Bootstrapping Lab

library(ggplot2)
library(dplyr)

theme_set(theme_bw())

## Better histograms
gh <- function(bins = 10) {
  geom_histogram(color = 'black', fill = 'gray80', bins = bins)
}

## Bootstrapping function
bootstrap <- function(x, statistic, n = 1000L) {
  bs <- replicate(n, {
    sb <- sample(x, replace = TRUE)
    statistic(sb)
  })
  data.frame(Sample = seq_len(n), 
             Statistic = bs)
}

Introduction

This lab is intended to serve as an introduction to the construction of bootstrap confidence intervals in R.

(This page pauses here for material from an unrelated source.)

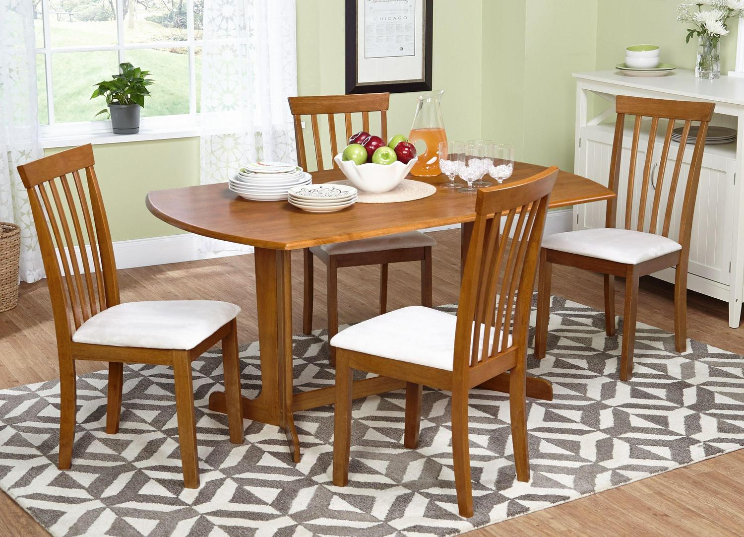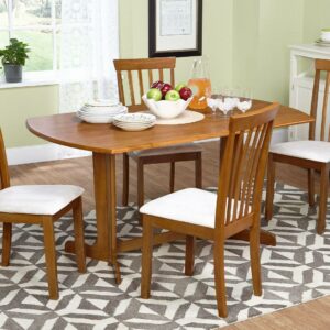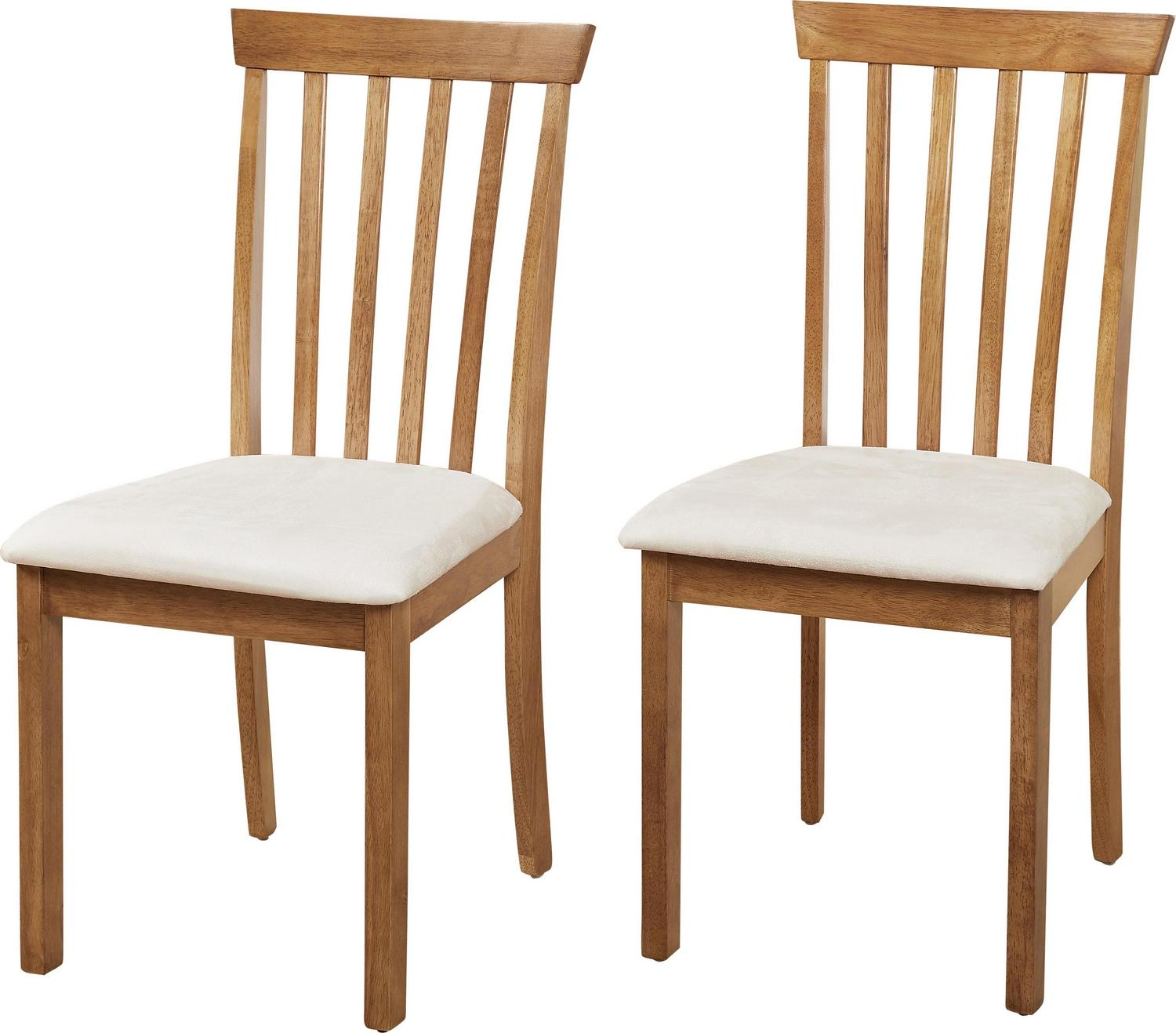 The Benton Dining Chairs feature a beautiful honey tone natural finish that complements any decor. Includes two chairs with light cream upholstered padded seats for extra comfort. Sturdy rubberwood construction. Finish: Honey Materials: Rubber wood Chairs upholstered in cream microfiber Slat back chairs Seat height: 18.5 inches Seat dimensions: 17 inches wide x 16.5 inches deep Chair Dimensions: 36.75 inches high x 17 inches wide x 21.25 inches deep

Before we get into any exercises, let’s take a little bit of time to introduce some new functions and techniques that we will be using to answer the questions.

Helpful Note: This lab is written to be self-contained, meaning that everything that I will ask of you will be introduced in this lab. There is absolutely no expectation that you memorize everything.

The two exceptions to this are the use of ggplot() and the use of dplyr functions, which were introduced in the previous lab. Extra guidance will be provided for questions involving dplyr.

Generating Data

Often we will try and use real data for our problems, but it can also be instructive to generate random data. Not only does this permit us to generate as much data as we wish, it has the added bonus that we are able to know exactly the true values of our population.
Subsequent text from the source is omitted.